At the age of 15, she attended an athletic camp and hurt her knee.

“Students from Sheridan College were working at the camp treating injured athletes,” Long said.

“I ended up hanging out with them a lot. The athletic trainer started teaching me about my injury and then showed me books on human anatomy.”

When Long returned home from the camp she began volunteering at a physiotherapy centre in the morning before school and at lunchtime.

The 30-year-old entrepreneur’s journey to reach her goal would take her across the pond, then back home again.

After high school, she applied to Sheridan College, “but I was declined. You needed a degree to get in. I had a moment of devastation, there was no way to get in at Sheridan, so I had to look at other options,” she said.

Her boyfriend at the time, now husband, Marc is of English decent and was trying to play professional hockey in England.

So Long said, “I applied and got in (University of North London) and went a year before him.”

During her time in the UK, Long connected with a coach from North Bay working with the London Racers Ice Hockey Team. She also reunited with Marc.

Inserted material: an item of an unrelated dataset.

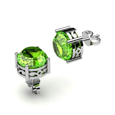 Peridot 2.00ctw Earring 14kt White Gold **|**|** Mainstone: Peridot ; Total CTW: 2.00 ; Shape: Round ; Gem Size: 8mm ; Metal / Purity: 14kt White Gold ; MSRP: $1000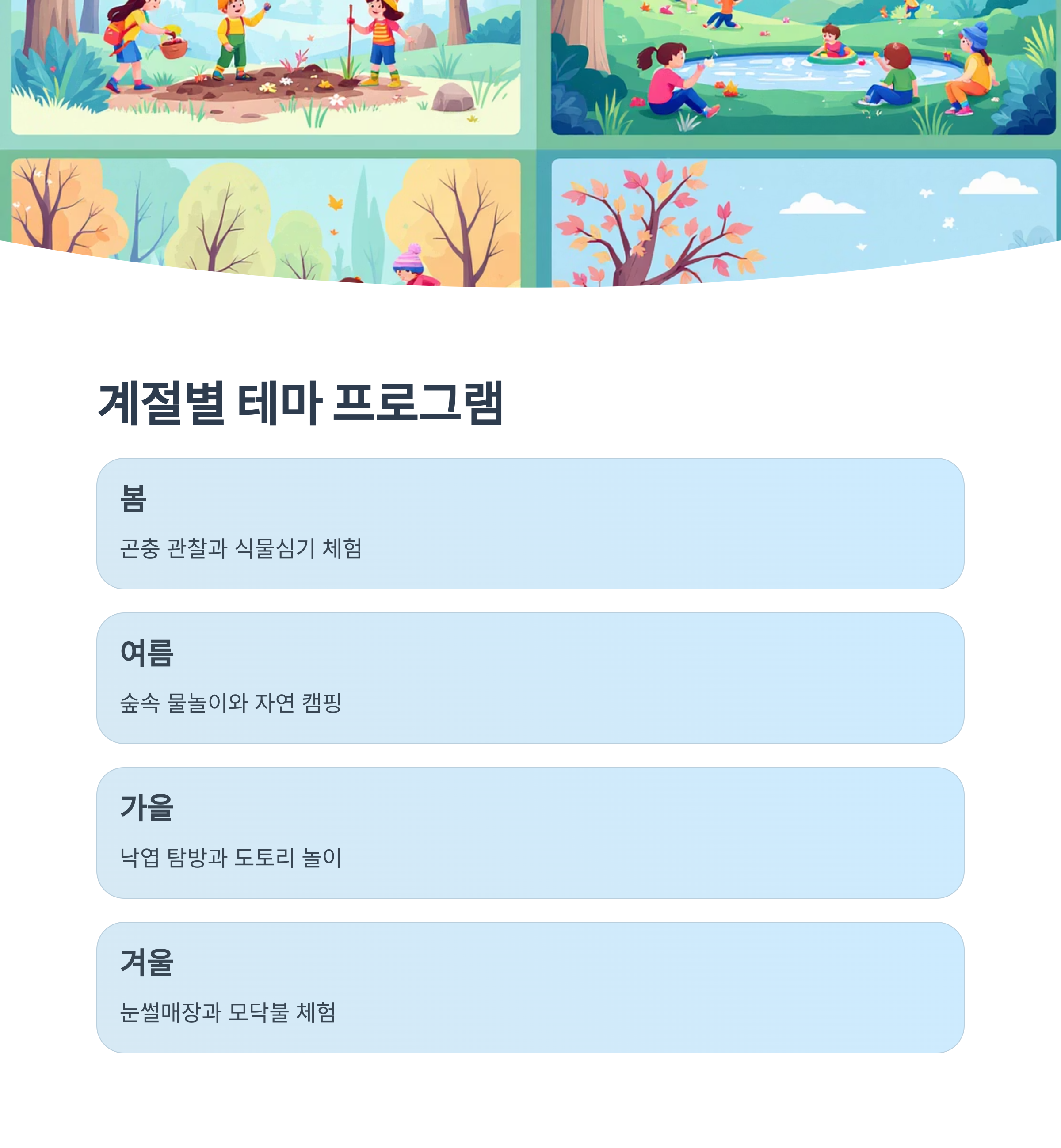 가을엔 낙엽 탐방과 도토리 놀이, 겨울엔 눈썰매장과 모닥불 체험 등

After six years in England, the couple felt it was time to return home.

“We decided to move home, be adults and have a family,” Long said, explaining she gave birth to her first son three months after returning to North Bay.

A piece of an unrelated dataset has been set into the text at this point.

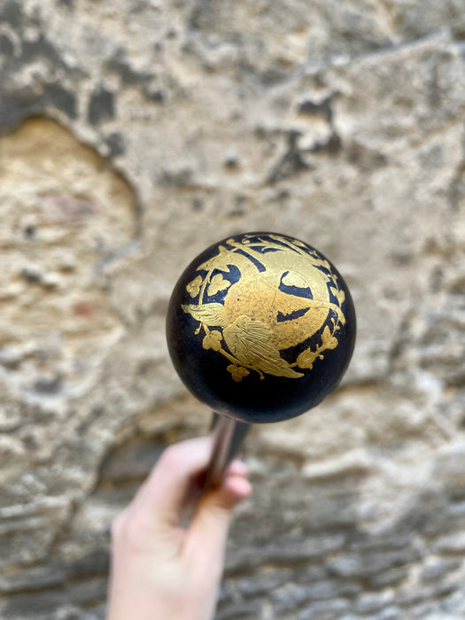 Bastone da passeggio in ebano con pomello ageminato in oro Toledo 1900 ca

Long never thought her path would lead her back home, but here she was, a young unemployed mother.

“I moved home pregnant with no job, and my husband didn’t have a job either,” she said.

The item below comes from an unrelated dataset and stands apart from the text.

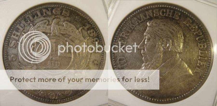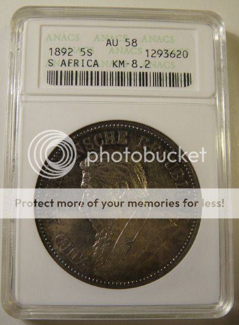 1892 Crown (5/-) Five Shilling (Double Shaft) : Paul Kruger ZAR : ANACS Graded AU58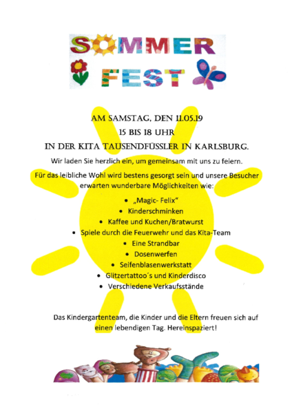 Sommerfest in der Kita Tausendfüßler in Karlsburg

The situation was a great opportunity for Cor Maximus to be born.

“Initially it was, ‘I need to have a job so let’s make one,’” Long said. “I never wanted to do clinic work. It was more- there were no opportunities for me in sports medicine.”

Long took the initiative and sat down with a local business owner who taught her what he knew. Ironically, he became her first investor.

Long caught a break when she was awarded a Northern Ontario Heritage Fund grant for $25,000.

Cor Maximus opened its doors with limited staff, space and the major investor volunteering as the business secretary.

“He sat and taught me the business for the first year,” Long said. “I don’t think it would have flown without him.”

Cor Maximus quickly grew out of their space and had to double its size after 18 months of operation.

Today, with five full-time and two part-time practitioners, two front desk staff and 12 fitness trainers, Long has created a centre for sports therapy professionals.

“That was the goal all along,” she said. “We were trying to pull people back who left the North, to provide the health care jobs needed in the North.”

It’s a difficult task, Long said, “by all means we are getting better and creating connections, but it’s tough.”

As of mid April, Cor Maximus was advertising on their website two employment opportunities, a massage therapist and an acupuncturist.